The Hangover Part II

Three characters call their friend's wife to say that they messed up after a night of drinking. Cue the opening credits as shots of the local landscape appear. Flashback to wedding planning. Then some drinking. Then those same three characters wake up in a hotel room with a member of their party missing and must piece together their previous night. Sound familiar? Not only is this the plot to The Hangover, but also the plot for its sequel. Then again, I'm surprisingly not complaining. I mean, when the word hangover is in the title, did one not expect the characters to get hung over? Yes, they learned their lesson the first time, they just have to learn it again. Thankfully, writer/director Todd Phillips makes up for there being similar plot elements in this sequel by having a clever plot-structure and frankly, still making the story very funny.

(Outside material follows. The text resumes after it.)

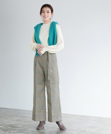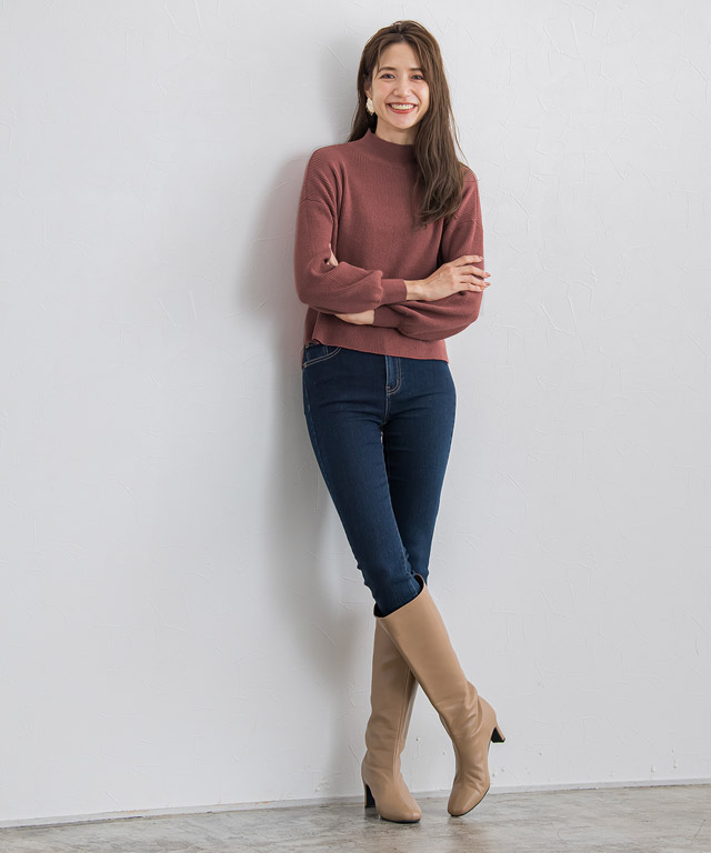 トップスには一枚でトレンド感のあるクロップド丈のハイネックニット。ニットはAWの雰囲気をプラスするベイクド系ピンクカラーと、程よく女性らしさを演出するボリュームスリーブがフェミニンさもプラスします。ボトムはベーシックなデニムにロングブーツの安定感のある組み合わせがさらにスタイルUPを叶えます。シンプルながらも大人カジュアルな仕上がりに。

In this installment, Stu (Ed Helms) is getting married to Lauren (Jamie Chung) in Thailand and invites Phil (Bradley Cooper), Doug (Justin Bartha) and Allen (Zach Galifianakis). Instead of a bachelor party, Stu decides to relax on the beach and drink a few beers with Lauren's younger brother, Teddy (Mason Lee). Well, something goes wrong and the members of the Wolf Pack wake up in a Bangkok hotel room. Stu has a Mike Tyson tattoo, Allen shaved his head, Teddy is missing, and there is a monkey in a Rolling Stones jacket prancing around. In a sense, the moments perhaps feel funnier than they should because we are so comfortable with these characters as they don't have to win us over. We welcome them as we would another TV episode of The Three Stooges.

Phillips excels at making raunchy movies and does proud the likes of Judd Apatow, John Landis, Kevin Smith, Ivan Reitman, and the Farrelly Brothers. He knows exactly what to have his characters say and do at the right time to get a laugh. Now before I go on I should say that if you aren't a fan of the kinds of comedies that have been coming out since around 2005 (or just raunchiness in general) than you might want to skip this even if you thought The Hangover was just okay. This actually makes the first film look tame. That being said, I'm happy this comedy continues in the vein of the likes of the filmmakers I just mentioned above.

Some random points... Lawrence Sher does a phenomenal job with his cinematography. He somehow enhances the comedy by making everything look great just like he did with the first installment (as a side note, his credits include Kissing Jessica Stein, Garden State, I Love You Man, and Due Date). Bangkok looks as sleazy and as it is attractive, like a stereotypical Asian Las Vegas. As for the cast- Ken Jeong and Paul Giamatti are memorable (and throw in the usual Tyson-cameo as well), but Zach Galifianakis once again steals the show. As an actor he has mastered being passively clueless and one never knows what he is going to say or do next (see the dinner toast for hilarious proof of that).

If you are shaking your head at this review, then stop reading before I say this- the film even has heart. Perhaps it is more thinly veiled than Judd Apatow's comedies, but there is a message to be found. We've heard the message before with these same characters, yet that doesn't make hearing it another time any less enjoyable.